Key considerations for evaluating and enhancing the performance of prediction or classification models using high dimensional data.

Purpose-driven creation of machine learning models

Scientific innovation has always been driven by identifying gaps in knowledge and designing studies to fill those gaps. However, one unintended consequence of advances in generating large amounts of data and increased computing efficiency has been the relative ease and appeal of developing machine learning models using any available data.

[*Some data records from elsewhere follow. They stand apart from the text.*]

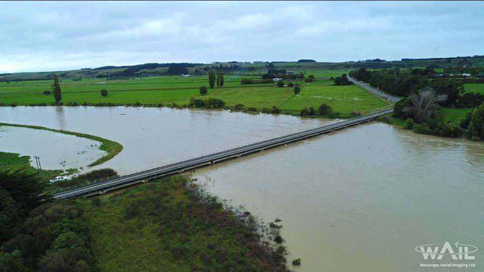 Chris Moore posted this on our Facebook page. It is a pic of the water coming right up to the bottom of the Waihenga Bridge northeast of MArtinborough.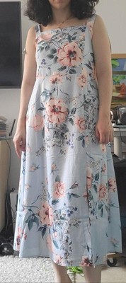 Wore this to a wedding and couldn’t have been happier with my choice. I typically stick to solid colors (my comfort zone) but the soft blue with just the right amount of pink /mauve/green flowers to contrast was perfect. Beautiful dress that fit perfectly.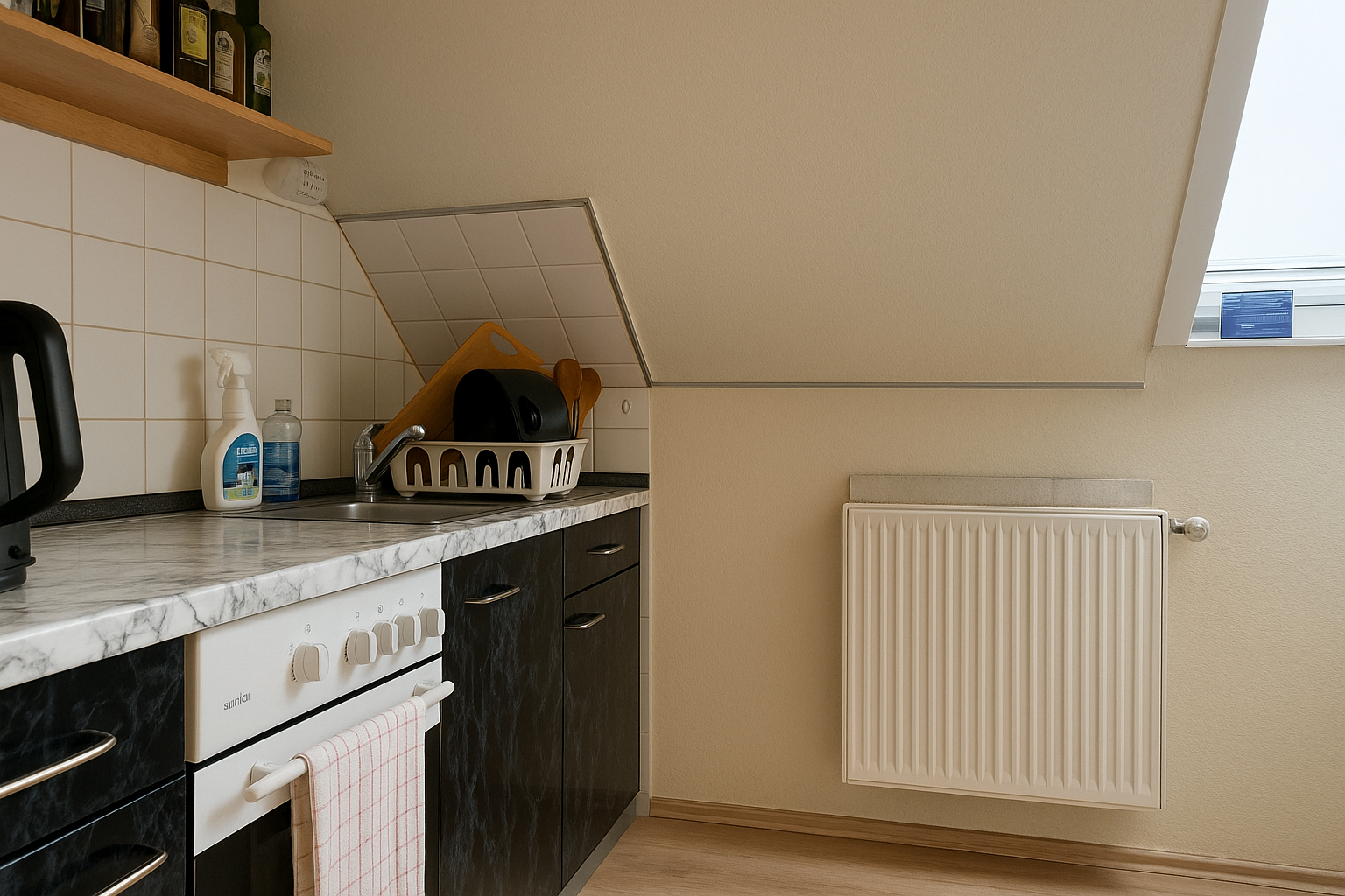 Diese charmante Dachgeschosswohnung besticht durch Helligkeit, Funktionalität und ein gemütliches Wohnambiente. Das moderne Duschbad mit Fenster sorgt für Tageslicht und Komfort, während die Einbauküche zum Kochen und Verweilen einlädt. Zwei praktische Abstellräume bieten zusätzlichen Stauraum für Ihre persönlichen Dinge, ergänzt durch einen separaten Kellerraum. Eine Gegensprechanlage rundet die Ausstattung ab und sorgt für Sicherheit und Komfort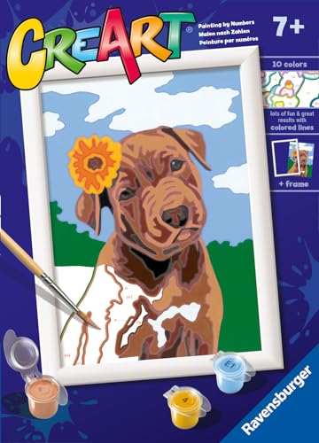 Ravensburger - Creart E : Chiot avec fleur | Peinture par numéros enfants | Kit de peinture pour enfants complet | Artisanat fille 7 ans | Comprend un cadre 13 x 18 cm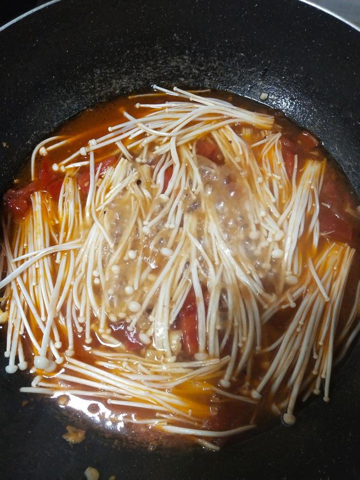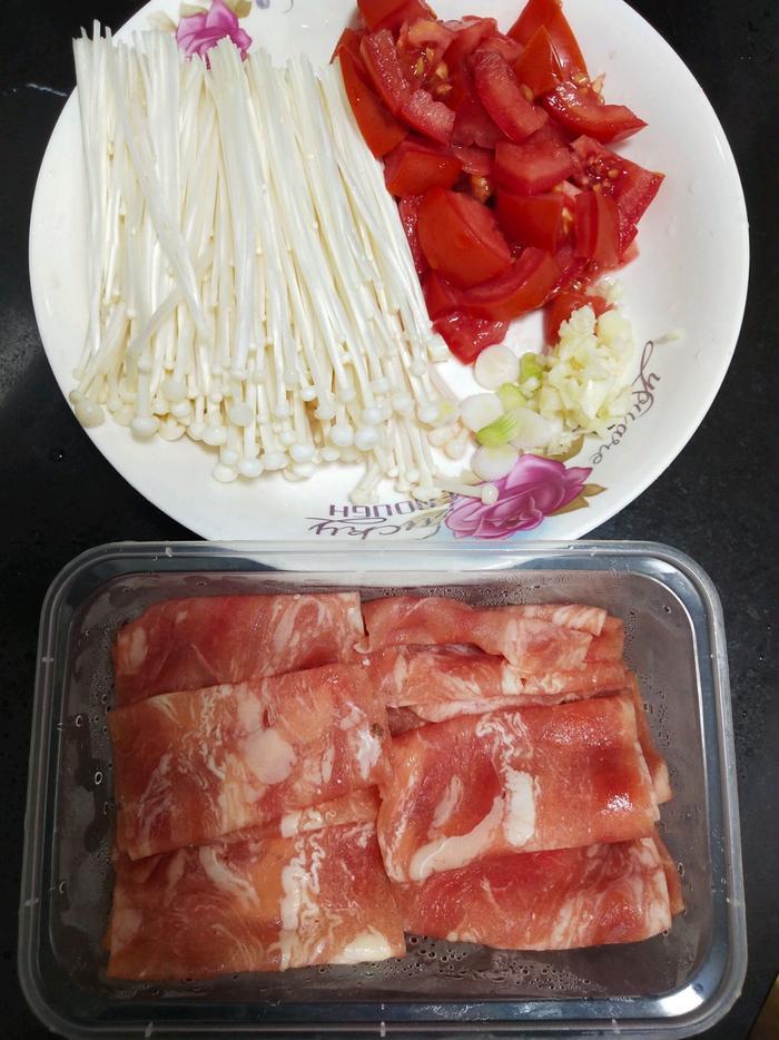 【烹饪食材】:番茄3个、肥牛300g、金针菇一把、生蒜2瓣、小葱1根、番茄酱1勺、胡椒粉1勺、蚝油1勺、盐5g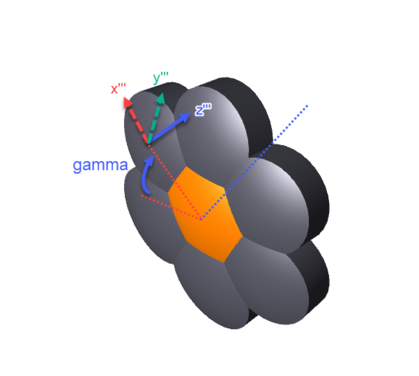 次に、アレイのローカル座標の Z 軸を中心として、そのオブジェクトが角度γだけ回転します。アレイの最初のエレメントは、この位置になります。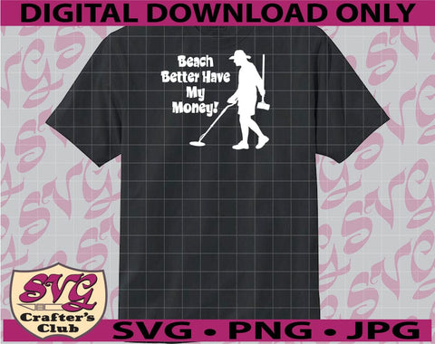 SVG, JPG and PNG file of Beach Better Have My Money Metal Detector Father's Day SVG Design. Great for using your Circuit or Silhouette cutting machines to cut HTV vinyl to make a stand out t-shirt design!
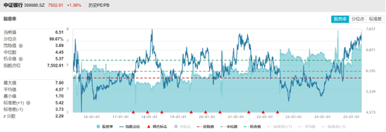 由于银行股近期持续走高,其板块估值也不断抬升,截至今日(5月9日)收盘,中证银行指数目前市盈率6.62倍,位于近十年75.01%分位点;市净率0.67倍,处于近十年36.23%分位点。此外,其目前股息率升至6.51%且处于近十年99.67%分位点,较去年年末时(4.83%)提升近1.7个百分点,但距离2024年7月中旬录得的历史最高点(7.9%)仍有一定距离。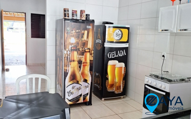 Mesa de sinuca, 1 freezer e 1 geladeira, fogão, bebedouro, ar condicionado em um quarto, climatizador móvel, 1 cama de casal, 1 colchão de casal, mesas e cadeiras.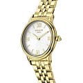Amalys AMW-162 — женская модель с утончённым классическим дизайном, в которой сочетаются элегантность и практичность. Круглый корпус диаметром 28 мм выполнен из нержавеющей стали с PVDPVDУльтратонкое покрытие наносится в технике вакуумного напыления, сочетает в себе нитрид титана особой прочности со слоем золота или оксида хрома. Несёт в себе декоративную или защитную функцию.-покрытием тёплого оттенка, гармонирующим с браслетом шириной 14 мм в том же исполнении. Защитную функцию выполняет сапфировое стеклоСапфировое стеклоПрочный и надёжный материал из кристалла сапфира синтетического происхождения, характеризующийся особой твёрдостью и устойчивостью к царапинам и повреждениям., стойкое к царапинам и сохраняющее прозрачность. Механизм — кварцевый, обеспечивающий точность и стабильность хода. Браслет с PVDPVDУльтратонкое покрытие наносится в технике вакуумного напыления, сочетает в себе нитрид титана особой прочности со слоем золота или оксида хрома. Несёт в себе декоративную или защитную функцию. снабжён раскладным замкомРаскладной замокДанный вариант застежки используется только на часах с металлическим браслетом. Отличительная особенность такого крепления в том, что длина браслета становится универсальной и вы можете самостоятельно отрегулировать нужный вам размер – застежка просто двигается по браслету часов., который сочетает надёжность фиксации и удобство повседневного использования. Водозащита 5 ATM защищает часы от случайных брызг и дождя. Циферблат с римскими индексами и изящными стрелками подчёркивает классическую эстетику модели, делая её уместной как в повседневных образах, так и в торжественной обстановке.
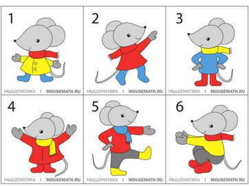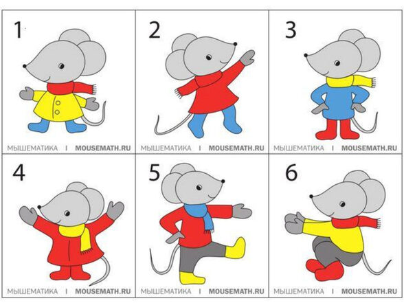 А можно искать мышек, которые отличаются только цветом одной одежды. Например, мышки 10 и 12 имеют сапоги одного цвета, а куртку и шарф надо поменять местами.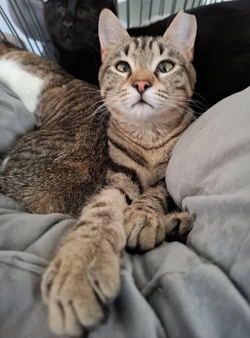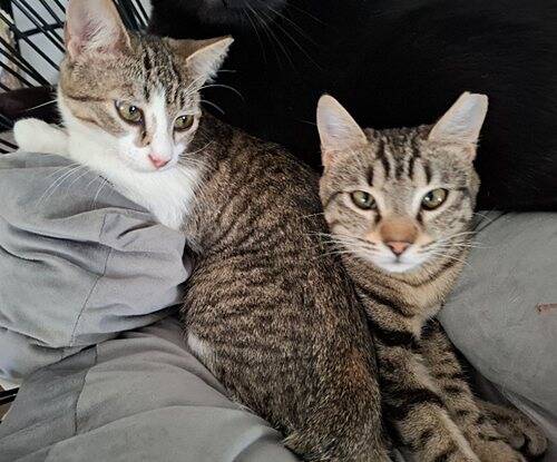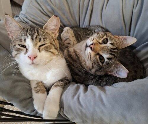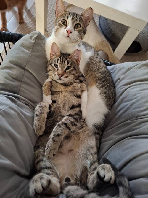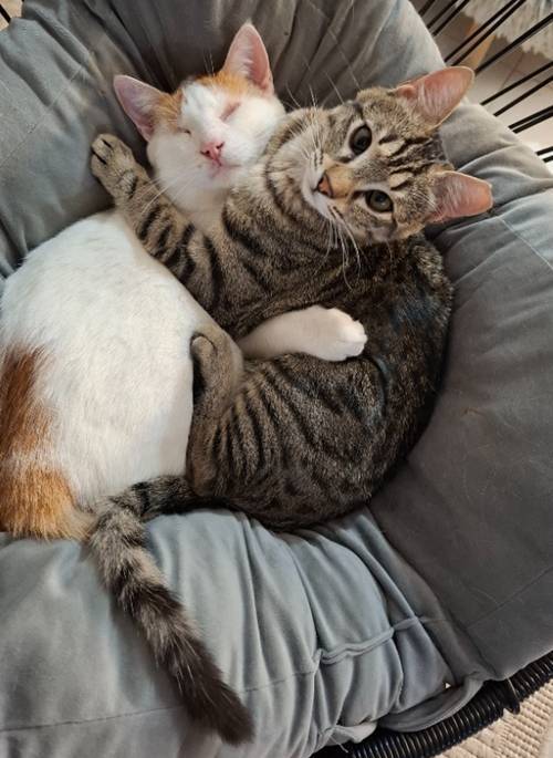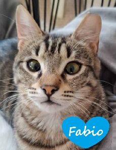 April 2026: Fabio und Mia sind zwar keine Geschwister, gehören aber zusammen wie Pech und Schwefel. Die Beiden wurden zeitgleich im Alter von etwa drei Wochen von einer Tierfreundin aufgenommen und haben seitdem ihren Weg gemeinsam bestritten, weshalb sie nur im Doppelpack vermittelt werden. Beide sind geschätzt sieben Monate alt, freundlich verschmust und bereits an das Katzenklo gewöhnt. Sie kennen andere Katzen und auch Hunde. Fabio hatte als Kitten Probleme mit seinen Augen (siehe Video), dies konnte aber gut behandelt werden.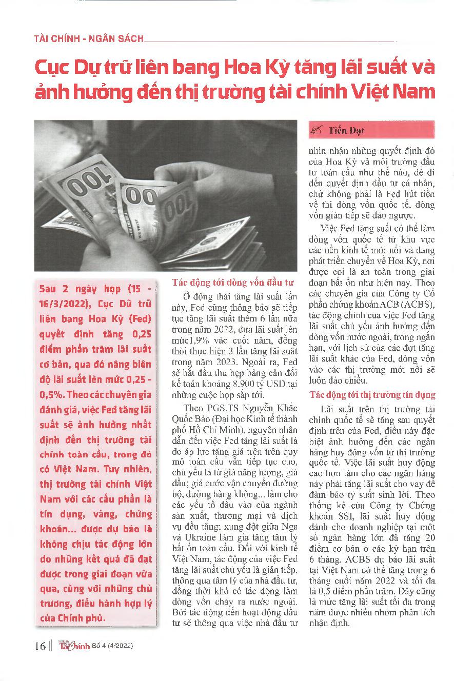 Cục Dự trữ liên bang Hoa Kỳ tăng lãi suất và ảnh hưởng đến thị trường tài chính Việt Nam = US Federal Reserve raises interest rates and affects Vietnam&; 39;s financial market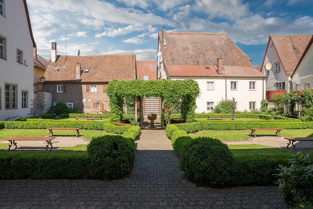Innenhof mit gepflegtem Garten, Bänken, Hecken und alten Häusern mit roten Ziegeldächern im Hintergrund.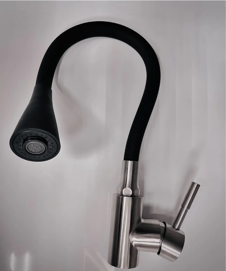 Смеситель для кухни Accoona A9890F-3 с чёрным гибким изливом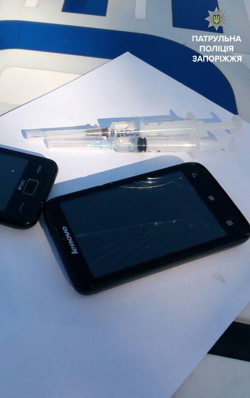 На место вызвали следственно-оперативную группу, которая изъяла шприцы и мобильный телефон в присутствии двух понятых, сообщает пресс-служба запорожской патрульной полиции.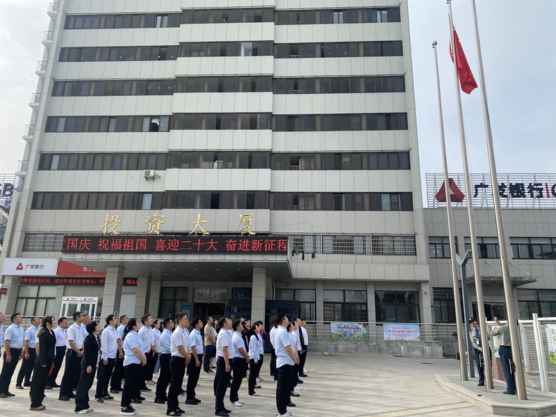 同升國旗、同唱國歌。9月30日上午,市礦投集團(tuán)聯(lián)合市文旅集團(tuán)、市揚子工投集團(tuán)、市擔(dān)保集團(tuán)在投資大廈舉行升旗儀式,全體人員同唱國歌,抒發(fā)愛國情懷,表達(dá)對祖國的美好祝福。
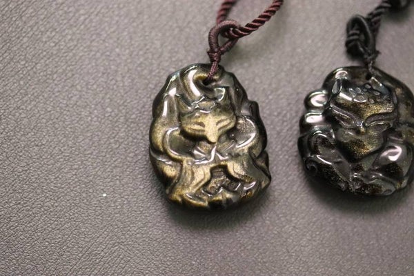 Mooie gouden obsidiaan nine tailed fox hanger met koord in verstelbare hoogte. Bij aankoop ontvang je één van de twee hangers van de afbeeldingen.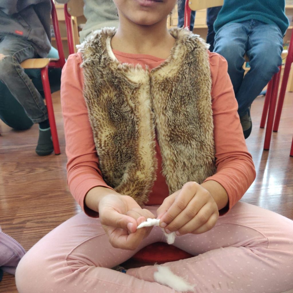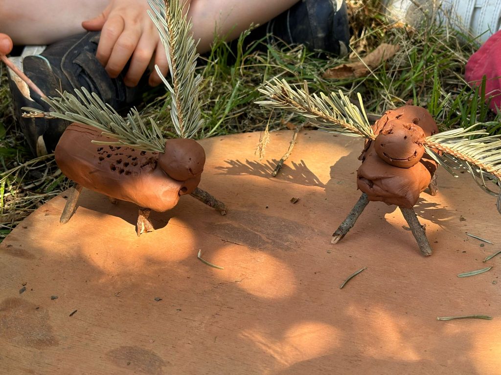 Les enfants se familiarisent avec la faune de la Préhistoire et reproduisent par modelage un animal en argile en l’agrémentant de brindilles qu’ils sont allés eux-mêmes ramasser.

In some cases, available data included measures that were unique to the original dataset, thereby making independent validation of the model inherently challenging (Sun et al., 2021). Scientific advances can occur at multiple levels from gaps in knowledge to performance improvements. Gaps in knowledge can include whether a specific set of plasma proteins can estimate an individual’s bone mineral density or risk of osteoporosis. Including this set of proteins in one’s model may boost performance. But gaps in performance of existing models may also serve practical purposes and provide reason to develop new models with specific characteristics, even if the input variables remain the same. Factors such as model accuracy, technical reproducibility, cost, and existing patents and licenses may dictate certain criteria that a specific model must meet. For example, in cases where a diagnostic test is burdensome and/or expensive (e.g., tumor biopsy), developing an inexpensive but highly sensitive screening test may be desirable (e.g., circulating tumor DNA). Models designed to fit a practical need often helps the researcher to articulate the specific parameters and problem(s) that the model will attempt to address. Notable examples of improvements in existing epigenetic clocks included second-generation epigenetic clocks that were designed to capture physiological aging (rather than chronological age). Other clocks addressed a clear gap in the field by using methodological approaches that employed principal components analysis and restricting inputs to technically reproducible probes (Higgins-Chen et al., 2021; Sugden et al., 2020). Model descriptions that clearly communicate their distinct contribution to the field can help identify the specific use-case for each new model.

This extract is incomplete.